Economists, a famously disagreeable bunch, tend to agree on one thing: the power of incentives. That is why the UK’s legally binding target to reach net zero by 2050 is so important. The legal case for action is also gaining traction. A recent count by the London School of Economics confirmed climate-related litigation is underway in 28 countries, with cases designed to force governments and companies into acting more swiftly. In the Netherlands, for example, the pressure group Urgenda recently won a case calling for a more rapid transition, with the chief justice stating that the authorities’ failure to act might cost lives.
This new sense of urgency is rubbing off on professional investors. Recently, the Department for Work and Pensions has been seeking to extend reporting requirements for UK pension schemes, making it compulsory for them to reveal more about their climate-related exposures. Although organisations such as the Net-Zero Asset Owner Alliance (to which Aviva plc belongs) are supportive in principle, it certainly marks a step change in government involvement.
Prior to this, not everyone has been willing to reveal their hand along the lines recommended by the Taskforce on Climate-related Financial Disclosures (TCFD), with some fearing it could bring first-mover disadvantage. However, it looks as if pressure is unlikely to go away; TCFD compliance becomes mandatory for all signatories to the UN Principles for Responsible Investment later this year.
Unsurprisingly, these changes put environmental efficiency and specific emissions targets firmly on the corporate agenda.

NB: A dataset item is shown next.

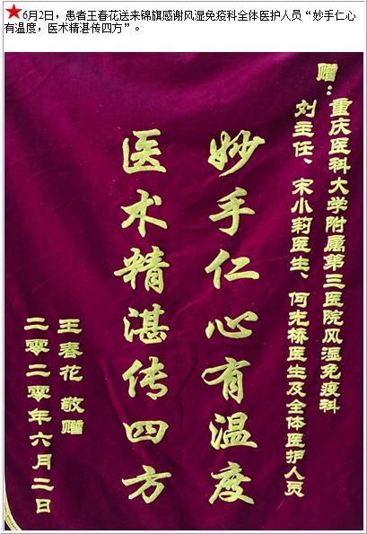 患者王春花送来锦旗感谢风湿免疫科全体医护人员“妙手仁心有温度,医术精湛传四方”-锦旗-患者心声-患者服务-重庆医科大学附属第三医院【官方网站】

Now more and more companies are setting out road maps to decarbonise. The legal “stick”, it appears, carries weight.
Stepping up as asset owners
In this context, the owners and managers of real estate and infrastructure are uniquely placed to make a difference. Why? Because these assets generate a significant carbon load. Together, building and construction generates around 39% of all global carbon emissions; heating, lighting and cooling properties make up another 28%, so there is plenty of scope for improvement in our built environment.
Again, one way to get owners and occupiers to focus on efficiency is through contractual legal agreements: green leases or memoranda of understanding that set out explicit commitments. Transitioning buildings towards net zero will mean addressing the Minimum Energy Efficiency Standard (MEES) and energy performance certificates (EPCs). Landlords will need additional controls over certain activities: collecting and sharing data, for example, or encouraging the shift to renewable energy. Leases drafted today can be important tools to help support those outcomes, but only time will tell how well the clauses will capture environmental sensitivities in 15 or 20 years’ time.
Yet, in our experience, open and honest collaboration can be just as effective. For example, bringing a property manager, external consultants and occupiers together to assess energy usage at Manchester’s Corn Exchange, a Grade II listed building, helped cut energy consumption costs by more than £800,000 in three years. By rolling out this approach across 25 sites in the UK, Aviva should (help) shrink the carbon footprint and deliver cost savings.
Careful management can also bring substantial improvements in carbon load. For example, the emissions generated by our directly managed real estate portfolio have been cut by more than 60% since 2015. Improving energy efficiency, accessing power from renewables and exiting from parts of the portfolio that fail to meet environmental criteria have clearly paid off. Meanwhile, there are targets in place to reduce direct and indirect emissions from power generation out to 2025.
Changes like these therefore make both environmental and business sense. As well as being better for the planet, greener buildings have higher occupancy levels and tenants reporting higher levels of satisfaction – which translates into higher rents.
Equally, though, we must be prepared to make tough decisions to dispose of assets that fall short. If they have high environmental costs, carry high reletting risk and their transformation will be overly costly, it makes no sense to carry them. This is something to be sensitive to as the regulatory environment evolves. In the Netherlands, for instance, tougher than expected regulatory demands on the energy efficiency of commercial buildings undermined the value of non-compliant assets almost overnight.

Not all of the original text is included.